Understanding the Galaxy and its neighbours
Our location in the Milky Way provides us with a unique vantage point to study the structure, composition and kinematics of our home galaxy, the Andromeda galaxy and other galaxies in our Local Group.
Our researchers participate in a range of surveys, including:
- GALAH
- the VISTA Survey of the Magellanic Clouds
- the Legacy Survey of Space and Time
- 4MOST
- The Southern Stellar Stream Spectroscopic Survey (S⁵).
We make extensive use of telescopes at home and abroad, including the Very Large Telescope and the Vera Rubin Observatory.
Learn more about the projects we are undertaking, the researchers engaged in them, and who you can contact to get involved.

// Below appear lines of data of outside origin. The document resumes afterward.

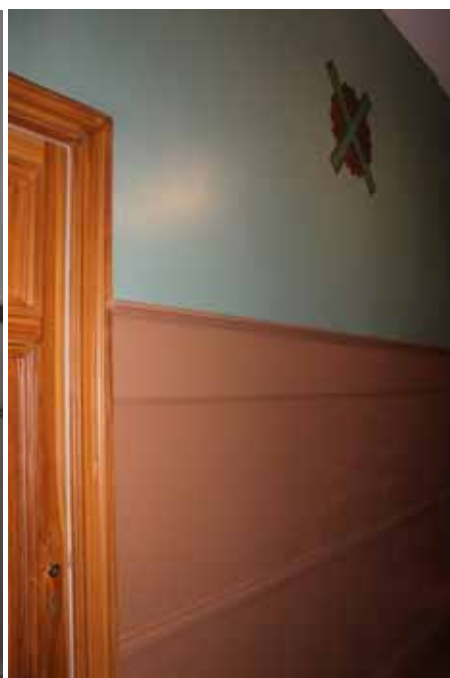
Figur 3. Passagen efter avslutade arbeten. Färgsättningen som tillkom kring 1915 har återskapats. Den övre väggytans vävtapet har bredspacklats. Ytan kring Andreaskorset är nu integrerad med övrig väggyta.
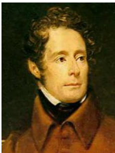
Alphonse de Lamartine (1790-1869)

Aristocrate, poète, il est député dès 1833. Il joue un rôle majeur dans la révolution de février 1848, imposant le drapeau tricolore et devenant Ministre des affaires étrangères. Mais il est dépassé par les événements de juin et est battu aux élections présidentielles de 1848. Il se retire de la vie politique après le coup d'état de 1851.
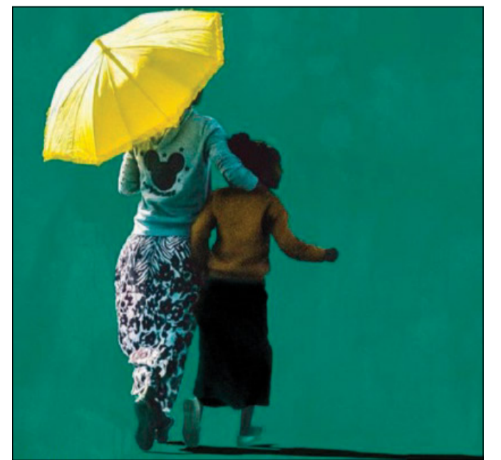
Particolare della copertina

Il titolo del romanzo è legato alle donne coraggiose e forti che compaiono nell'arco del racconto: Nicoletta, Elkelé, Fatima, Agata e tante altre; tutte,
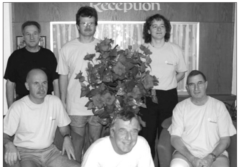
Die Sieger des 5-Ständewettkampfs, UV Thurgau
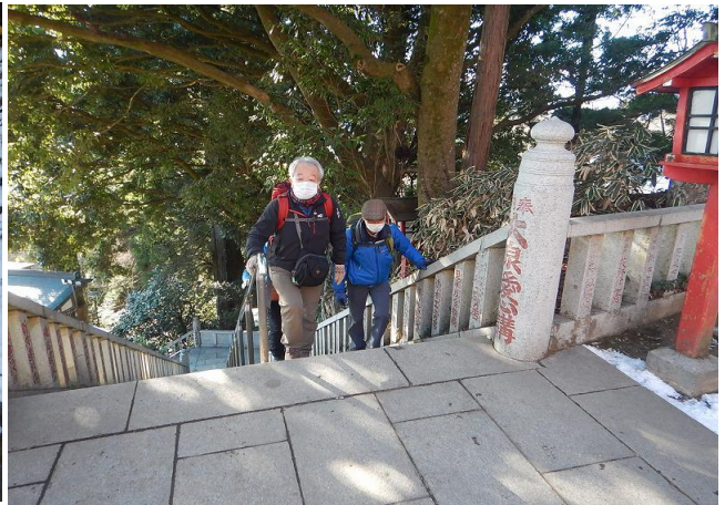
薬王院大師様から『開運はこの人の厄除から始めよ』
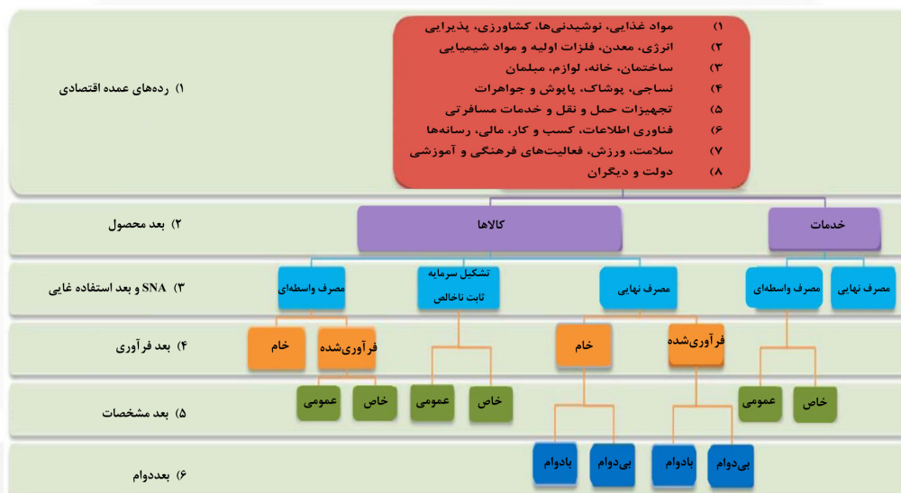
شکل ۲- ارتباطات نسخه پنجم BEC
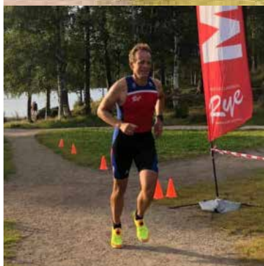
Klubbmesterskap 19. august.
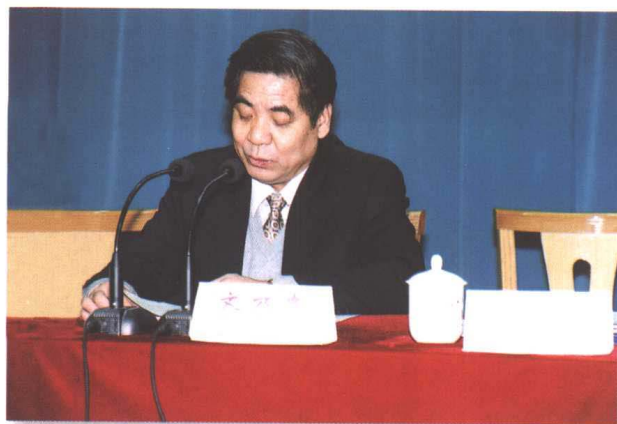
▲ 山东省总工会主席齐乃贵向大会作工作报告
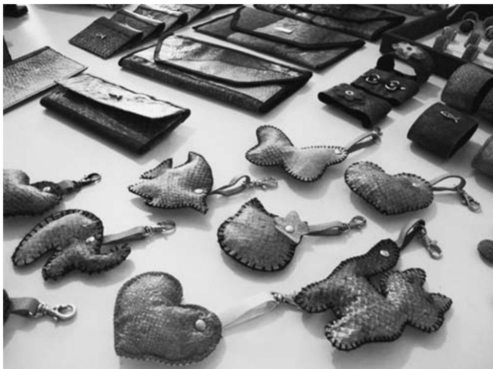
ROSSI, M. Produtos feitos com o couro de peixe em Guarujá, SP. Disponível em: http://g1.globo.com . Acesso em: 4 set. 2014.

Qualquer tipo de pele de peixe vira artesanato na mão de um biólogo do litoral de São Paulo. Ele criou um método mais natural de transformar a fina camada de pele em couro de peixe. Assim, ele retira do meio ambiente um material que seria jogado no lixo e inventa novas peças como bolsas, chaveiros e anéis, como os objetos apresentados na imagem.
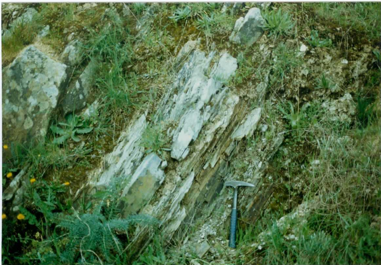
FOTO 13.- DOMINIO DE ARROYOMOLINOS. Niveles de tobas y lavas en la serie volcánica sedimentaria del Cámbrico Medio.
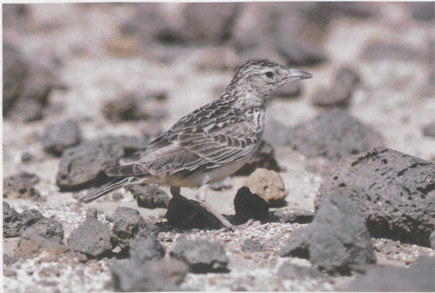
94-95 Razo Lark Alauda razae , male & female, Razo, Cape Verde Islands, March 1986
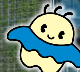
科学館マスコット キャラクター アサラ

Stellar variability: Redefining the Milky Way’s fundamentals
We will exploit the most extensive and statistically complete catalogue of 572,338 periodic variable stars in the Milky Way to robustly quantify our galaxy’s 3D mass/stellar distribution.

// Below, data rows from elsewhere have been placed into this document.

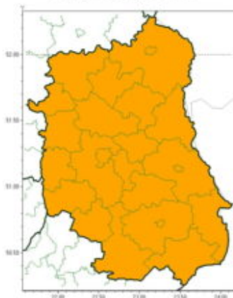
Intensywne opady deszczu

51-616 Wrocław ul. Parkowa 30 tel: 071-320-01-50, fax: 071-348-73-37 email: meteo.wroclaw@imgw.pl www: www.imgw.pl
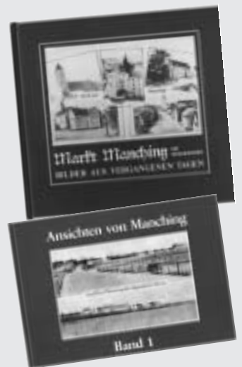
Ein Buch kostet 13 EUR.

Sie zeigen Manching und seine Gemeindeteile, wie es früher einmal war – nicht immer die „gute, alte Zeit“. Die Bildbände sind Raritäten, da sie bereits 1986 bzw. 1988 aufgelegt wurden. Es gibt vor allem nur noch wenige davon. Käuflich zu erwerben sind sie in der Raiffeisenbank Manching und beim Manchinger Autohaus Lang.
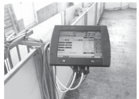
Gallagher Smart Scale TSI
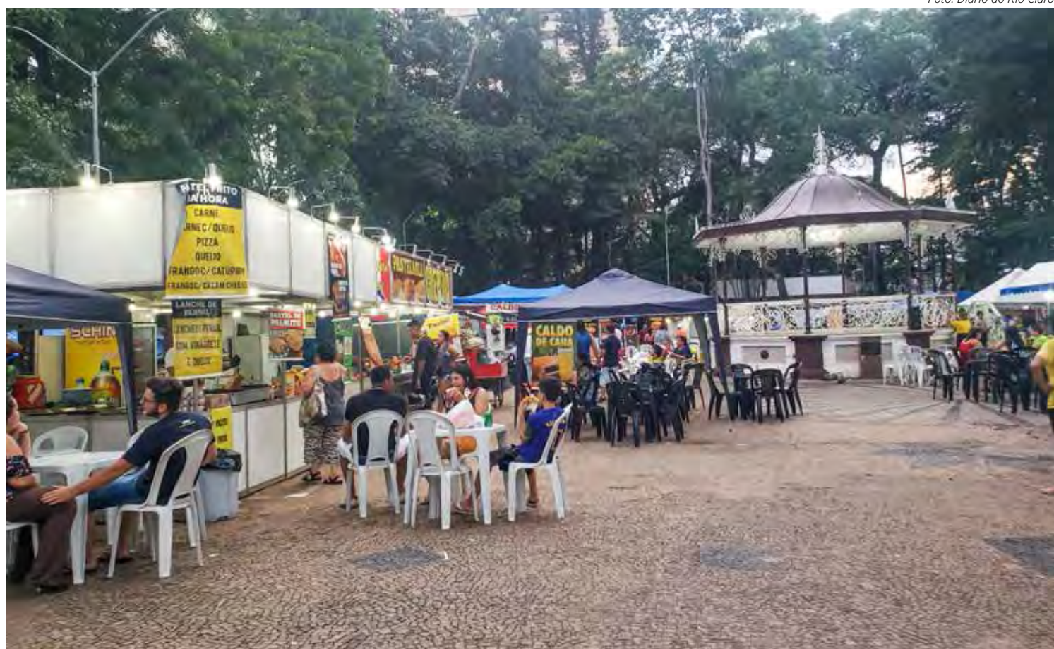
Ambulantes no Jardim Público durante o horário especial de funcionamento do comércio
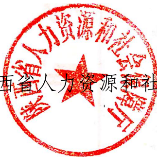
陕西省人力资源和社会保障厅

We will conclusively determine the time evolution of the Milky Way’s spiral arms and of its warped stellar disk to distances two to three times further from the Galaxy’s centre than our Sun. Accurately knowing the Milky Way’s structure is fundamental, since it is the benchmark by which we measure external galaxies.
The research project will also set the standard for stellar structure studies and analyses of gravitational-wave source properties.
Supervisor: Richard de Grijs
Galactic archaeology
Galactic archaeology – the detailed study of stars in our galaxy and its nearest neighbours in order to uncover clues to their formation and evolution – is entering a new era with the availability of detailed elemental abundances and precision radial velocities for over a million stars in the Milky Way from the GALAH (GALactic Archaeology with HERMES) survey.
Combining GALAH with data from the ESA space mission, Gaia will open new frontiers in our understanding of the formation and evolution of the Galaxy.
In this project, you will work with members of the GALAH team and other international collaborators.
Supervisor: Dan Zucker
Satellites and stellar streams in the Local Group
Galaxies like our Milky Way form by accreting smaller systems, and this process of galaxy cannibalism continues to the present day. The dwarf satellites orbiting the Galaxy and M31 – its nearest large neighbour – are survivors, while the victims are stretched across the sky in stellar streams.
These satellites and streams, many of them revealed by wide-area astronomical surveys, probe the conditions of galaxy formation in the early universe and the behaviour of dark matter on the smallest scales.
In this research area you will have the opportunity to work with collaborators at other universities in Australia and overseas.